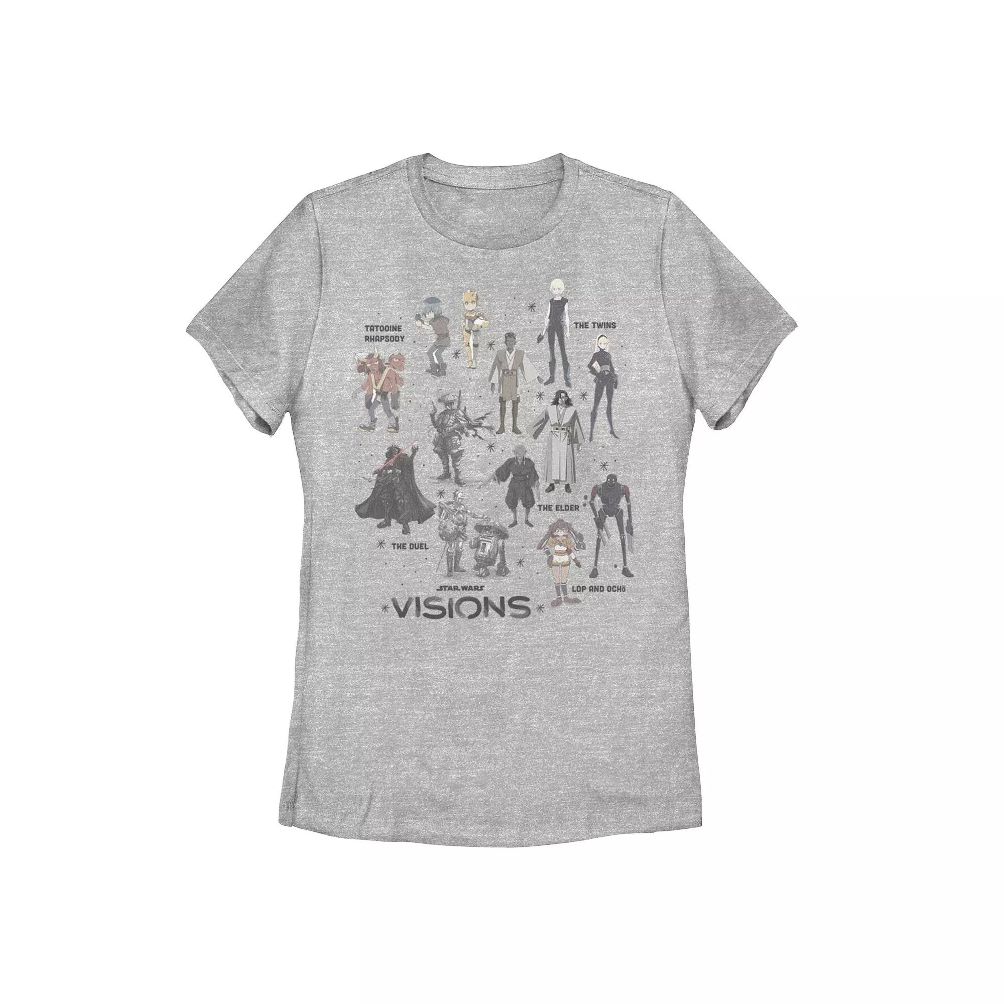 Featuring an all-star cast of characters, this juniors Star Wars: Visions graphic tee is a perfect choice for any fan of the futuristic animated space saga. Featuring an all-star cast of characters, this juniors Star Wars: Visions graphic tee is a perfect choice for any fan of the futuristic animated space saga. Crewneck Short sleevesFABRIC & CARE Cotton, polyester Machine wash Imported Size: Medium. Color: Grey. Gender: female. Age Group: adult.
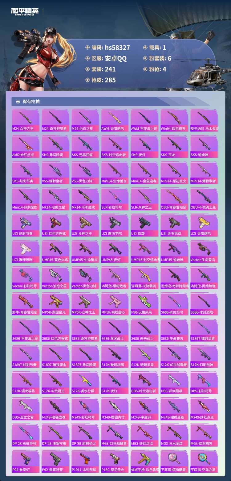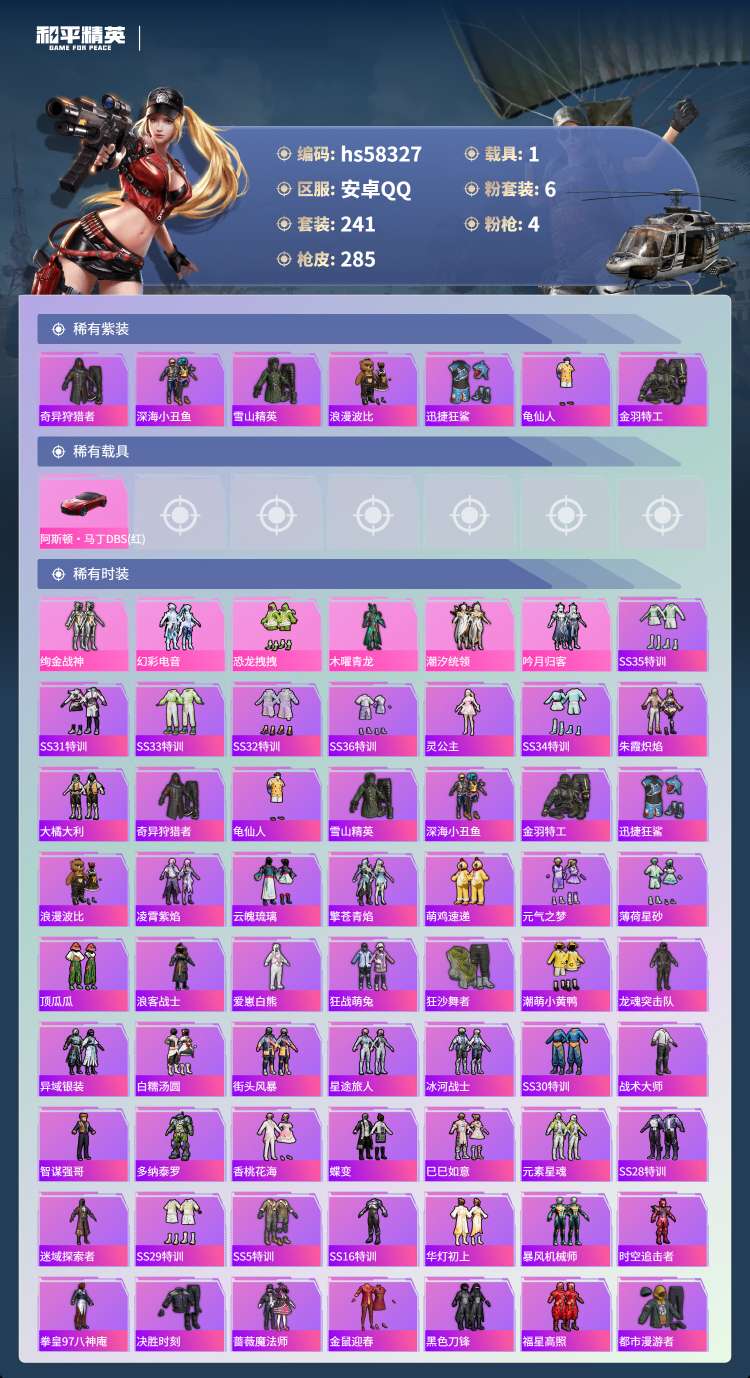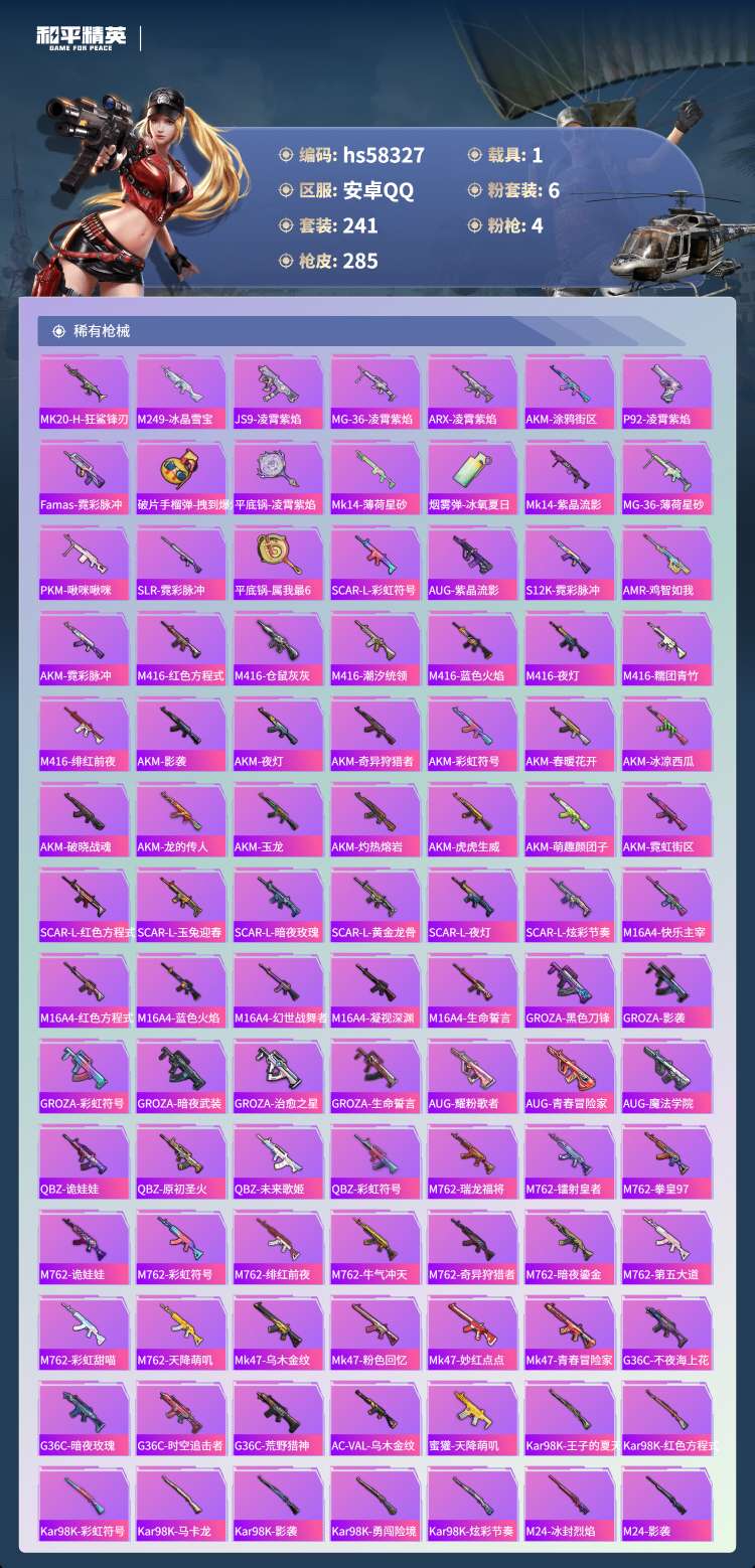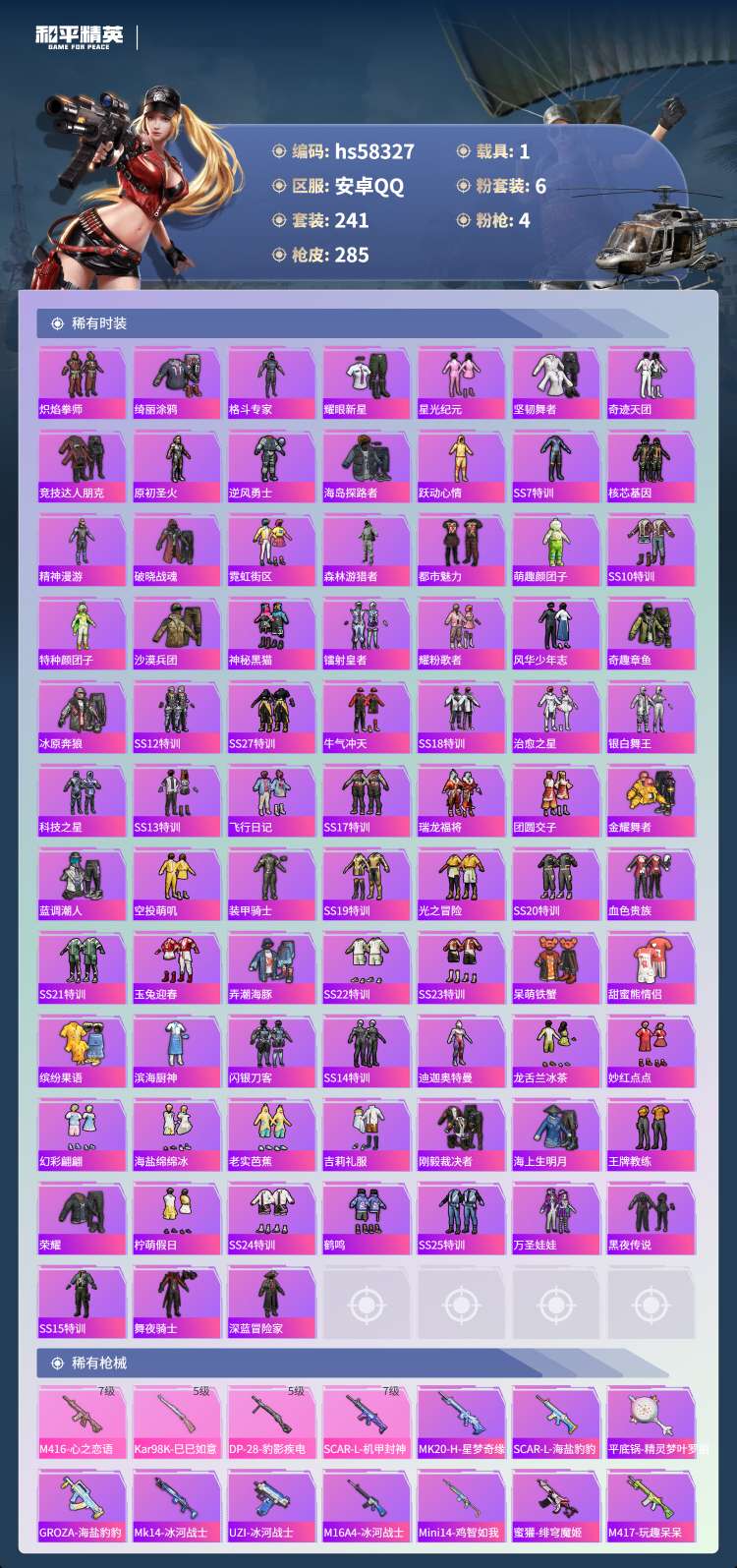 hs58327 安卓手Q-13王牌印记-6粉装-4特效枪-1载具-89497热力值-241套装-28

...

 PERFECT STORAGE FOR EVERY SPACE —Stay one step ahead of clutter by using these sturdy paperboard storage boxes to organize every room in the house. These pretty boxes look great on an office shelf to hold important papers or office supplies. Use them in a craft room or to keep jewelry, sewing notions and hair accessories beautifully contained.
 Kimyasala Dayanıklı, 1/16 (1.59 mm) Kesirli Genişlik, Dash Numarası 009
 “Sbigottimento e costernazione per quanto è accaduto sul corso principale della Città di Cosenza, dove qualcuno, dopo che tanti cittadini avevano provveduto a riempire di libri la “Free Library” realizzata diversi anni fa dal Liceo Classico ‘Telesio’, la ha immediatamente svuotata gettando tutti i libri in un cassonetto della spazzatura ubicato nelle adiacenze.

What you need to do: Everything from the line with "Kimyasala Dayanıklı, 1/16" through the line with "ubicato nelle adiacenze." in the listing above must be retyped exactly, with nothing added.

Task result:
 Kimyasala Dayanıklı, 1/16 (1.59 mm) Kesirli Genişlik, Dash Numarası 009
 “Sbigottimento e costernazione per quanto è accaduto sul corso principale della Città di Cosenza, dove qualcuno, dopo che tanti cittadini avevano provveduto a riempire di libri la “Free Library” realizzata diversi anni fa dal Liceo Classico ‘Telesio’, la ha immediatamente svuotata gettando tutti i libri in un cassonetto della spazzatura ubicato nelle adiacenze.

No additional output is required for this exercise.